For DCX/TUNEL double staining, free-floating sections were first incubated with goat anti-DCX (1:400; Santa Cruz) in blocking solution overnight at 4°C, followed by 2 hours of incubation with biotinylated Cy3 donkey anti-goat secondary antibody (1:200; Jackson ImmunoResearch) in blocking solution at room temperature. Sections were mounted onto slides and dried, and then pretreated with 4% PFA for 20 minutes, followed by incubation in ice-cold permeabilization solution (0.1% Triton X-100, 0.1% sodium citrate, freshly prepared) on ice for 2 minutes. TUNEL (Roche) enzyme solution and label solution were freshly mixed with a volume ratio of 5:45, and applied on the sections, which were then incubated for 1 hour at 37°C in a humidified chamber in the dark. Sections were counterstained with Hoechst 33342 and coverslipped.

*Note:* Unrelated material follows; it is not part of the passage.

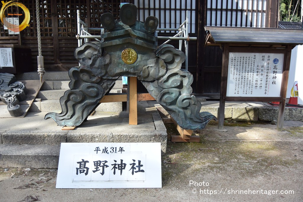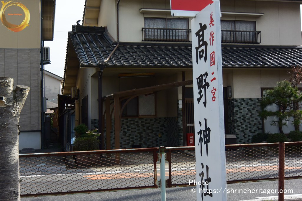 高野神社(たかのじんじゃ)は 美作國二之宮 社伝に吉井川の河原 碫馭盧岩(おのころいわ)を磐境として祀ったのが始まりと伝え のち第27代安閑天皇二年(536)十一月社殿創建と云う 祭神一座 彦波限建鵜葺草葺不合尊で 『三代實録』髙野神・『延喜式』美作國 苫東郡 髙野神社(かうやの かみのやしろ)の論社です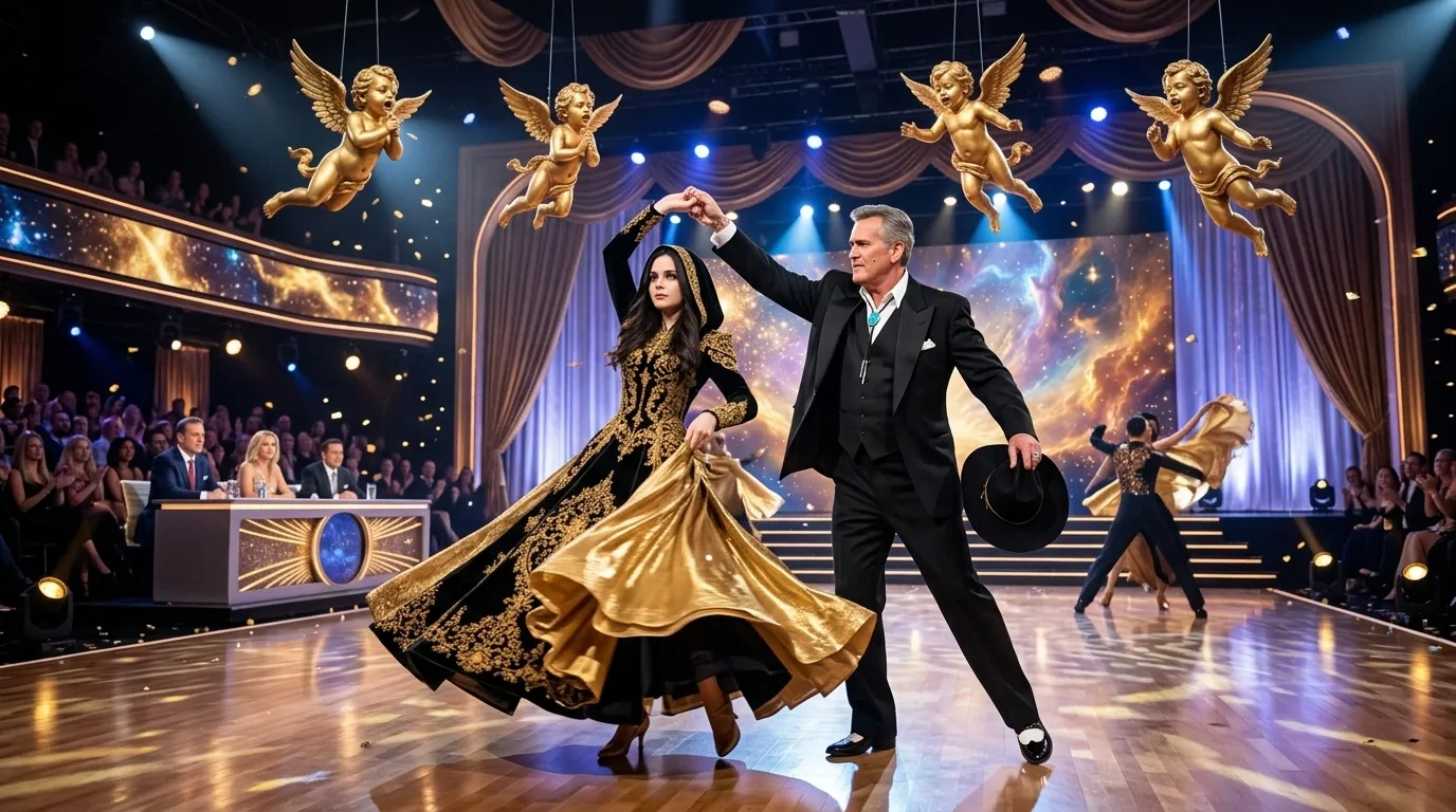 The girl with hoodie golden dress  meets Bruce Campbell in a dancing show.They dancing

For METRN, NeuN, Ki67, and RECA-1 single labeling, diaminobenzidine staining was used. After quenching the reaction with 3% H2O2 and 10% methanol in KPBS followed by blocking, sections were incubated with goat anti-METRN (1:500; R&D Systems), mouse anti-NeuN (1:100; Chemicon), mouse anti-Ki67 antibody (1:100; Novocastra), or mouse anti-rat RECA-1 (1:400; AbD Serotec, Oxford, UK) overnight at 4°C. Sections were then incubated with biotinylated secondary antibody (horse anti-goat, 1:200, for METRN; horse anti-mouse, 1:200, for NeuN, Ki67 and RECA-1). After incubation with avidin–biotin–peroxidase complex (Elite ABC kit, Vector Laboratories), sections were peroxidase catalyzed with diaminobenzidine and 3% H2O2. Ki67 and RECA-1 sections were then counterstained with cresyl-violet to visualize SVZ. The specificity of staining was confirmed by omitting the primary antibody.

Microscopical Analysis

Numbers of METRN+, DCX+, BrdU+/DCX+, and BrdU+/NeuN+ cells in the striatum were counted using a 0.25-mm-wide quadratic grid on an epifluorescence microscope in four sections per brain, 600 μm apart, starting +1.7 mm rostral to bregma, as previously described (Kobayashi et al, 2006). Cell counts are presented as numbers of cells per section. BrdU/DCX, BrdU/NeuN, METRN/NeuN, and METRN/DCX double labeling was validated with a confocal laser scanning microscope (Leica Microsystems GmbH, Wetzlar, Germany). When measuring the distribution of Dcx+ cells, each section of striatum was divided in segments, each stretching 0.25 mm laterally away from the lateral wall of the SVZ, thus representing increasing distances from the SVZ, and individual cell counts were recorded in each segment. The percentage of cells in each segment was then calculated by dividing the sum of cells in each corresponding segment of all sections with total striatal count.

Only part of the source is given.